„Misterium Dnia Zadusznego” Józef Skrzek skomponował na przełomie nowego wieku i od kilkunastu lat, 2 listopada wprowadza słuchaczy w ten tajemniczym nastrój. Jest to bowiem słowno-muzyczna medytacja pełna refleksji i zadumy nad upływającym czasem, nad pożegnaniem i wspomnienie bliskich. Jak mówi autor, jest to zbliżenie żywych z tymi, którzy są już w raju. Utwór skomponowany z błogosławieństwem abp. Damiana Zimonia miał swoją premierę także w katowickiej katedrze.

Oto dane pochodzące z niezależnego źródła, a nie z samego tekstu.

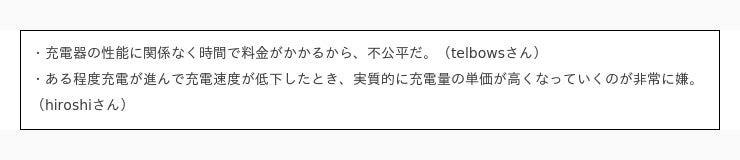 充電量ではなく充電時間で課金されることが多い現在の充電料金。不満を持っている方も多く、「従量課金制」を望む声もあります。少しずつ従量課金制の充電器も出てきており、今後の動きに注目です。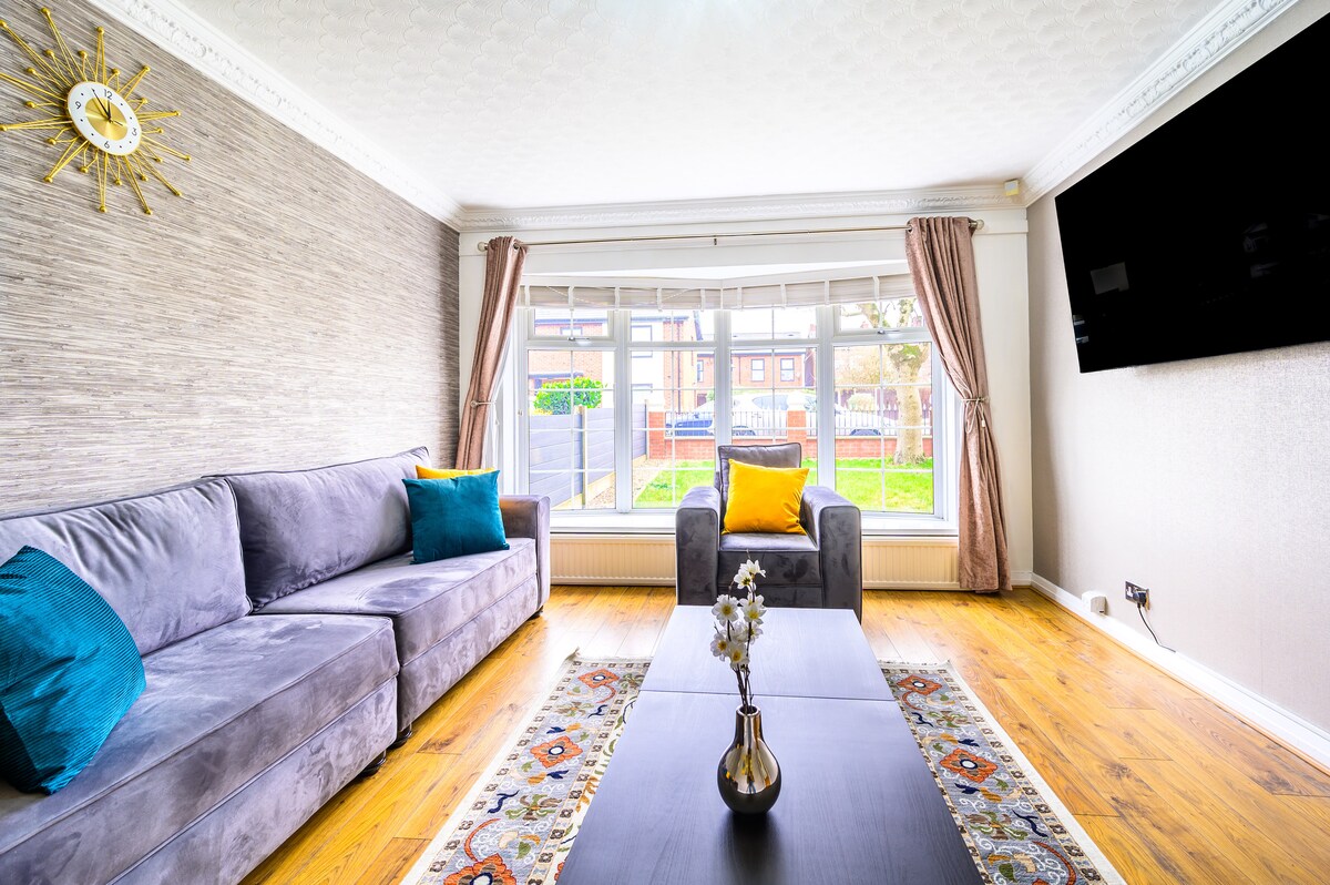 What do people love about our place? - Pac-Man Machine - Dart Board - Smart TVs in all bedrooms - 50" 4K Smart TV with Netflix - High-speed WiFi (160mbps) - 8 mins into the City Centre - 2 Driveway parking spaces! What is nearby? - Huge shopping centre with Asda, Decathlon, Greggs etc 15 mins walk - Highly rated pan asian takeaway 15 mins walk - Tesco Extra 4 mins drive - Pizza/Burger takeaway store 1 min walk Other: - Etihad Stadium 4 mins - Co-op Live Stadium 5 mins - City centre 8 mins

Józef Skrzek wykona „Misterium...” z zaproszonymi gośćmi, którymi tym razem będą to: prof. Julian Gembalski, który zagra na wielkich organach katedralnych, a także chór katedralny pod dyrekcją Krzysztofa Kagańca, Ela Skrzek - śpiew, Julia Pasternak - wiolonczela. Józef Skrzek grać będzie m. in. na małych organach katedralnych. Zapewne znów wda się z muzyczne dialogi z prof. Gembalskim.
Słowem opatrzy ten niezwykły spektakl ks. dr Łukasz Gaweł, proboszcz Katedry Chrystusa Króla. Wstęp jest wolny, jak zawsze.
Koncert poprzedzi msza (godz. 18.00) pod przewodnictwem abp. Wiktora Skworca, w intencji zmarłych biskupów katowickich. Zakończy ją zejście do krypty, gdzie są pochowani księża biskupi: Arkadiusz Lisiecki, Stanisław Adamski i Herbert Bednorz.
Nastrojowych wieczorów zaplanowano na ten dzień więcej w regionie. Na przykład w sali kameralnej NOSPR w Katowicach będą zaduszki jazzowe. Początek o godz. 20.00. Wystąpi Joey DeFrancesco Trio.
Amerykański jazzman Joey DeFrancesco jest trębaczem, wokalistą, ale jego specjalnością są organy. Ma w artystycznym dorobku ponad 30 albumów, w większości wydanych przez wytwórnię Columbia Records, w tym nagrania z legendą jazzu Milesem Davisem. Był trzykrotnie nominowany do nagrody Grammy.
W zaduszkowy wieczór zaplanowano także przedpremierowy pokaz półgodzinnego filmu dokumentalnego pt.: „Jak Pan Bóg pozwoli zmartwychwstać”, w reżyserii Adama Turuli. Opowiada o losach zesłańców do Związku Radzieckiego w latach 1944-1958. Producentem filmu jest Muzeum Historii Katowic, a jego projekcja odbędzie się dziś o godz. 18.00 w Muzeum Śląskim w Katowicach. Po projekcji dyskusja. A ta historia wciąż żywa jest w śląskich rodzinach i nadal bardzo bolesna.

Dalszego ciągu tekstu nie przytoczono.